The 17 percent increase is biggest in years, will support wide range of local services


At the annual meeting of the Massachusetts Municipal Association, Governor Mitt Romney today revealed that his Fiscal Year 2007 budget will boost state aid to cities and towns by $197.9 million, or 17 percent, over last year’s spending plan, increasing funding above the pre-fiscal crisis level of 2001.


“We owe a debt of thanks to our cities and towns that shared in the sacrifice as we succeeded in getting the state back on its feet again. It's been a long road back, but we are once more in a position to share our growth revenues with local communities,” said Romney.


The budget to be filed by Romney later this month will propose to increase the aid distribution to localities from $1.155 billion in the current year to $1.353 billion, partly by immediately uncapping lottery revenues. During the fiscal crisis, the lottery revenue distribution to cities and towns was capped in order to help the state balance its budget, and was due to be phased out over a period of years.

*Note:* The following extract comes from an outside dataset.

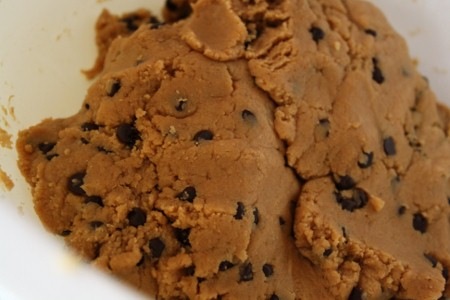 3) Intégrez les ingrédients secs au mélange de beurre d’arachide. Ajoutez les pépites de chocolat et le lait au besoin pour former une boule de pâte. Réfrigérez 30 minutes.

In 2001, local aid totaled $1.276 billion, the high point in the state’s history, but that number shrank as state revenues collapsed and the Commonwealth struggled to balance its own budget. The 2007 figures announced by Romney are $77 million higher than the pre-fiscal crisis level of 2001.


While total state revenue growth in Romney’s budget is forecast at four percent, local aid will grow by more than four times that amount, or 17 percent, one of the biggest increases in recent history.


Specifically, the Governor announced that:



The immediate, 100% uncapping of the lottery will yield an additional $158.7 million for cities and towns.


The category of local aid known as Payment in Lieu of Taxes, or PILOT, which compensates cities and towns where tax-exempt state properties are located, will go up by $9.2 million to $25.3 million.


An additional $30 million will be available to cities and towns through a new Housing Incentive Program to be distributed via the lottery formula. Municipalities that demonstrate improvement in the creation of new housing will be eligible to receive these funds. Nearly two-thirds of all communities have already submitted municipal scorecards to the Office of Commonwealth Development demonstrating progress in this area.

“The successful partnership between the Commonwealth and our cities and towns over the past three years has yielded some important new efficiencies and helped the state through difficult times,” said Lieutenant Governor Kerry Healey, the administration’s liaison to municipalities. “Most of our citizens experience government at the local level and we are pleased to restore funding that improves the quality of life for everyone.”


The Governor’s budget for the fiscal 2007 year that starts July 1 is due to be filed with the Legislature on January 25.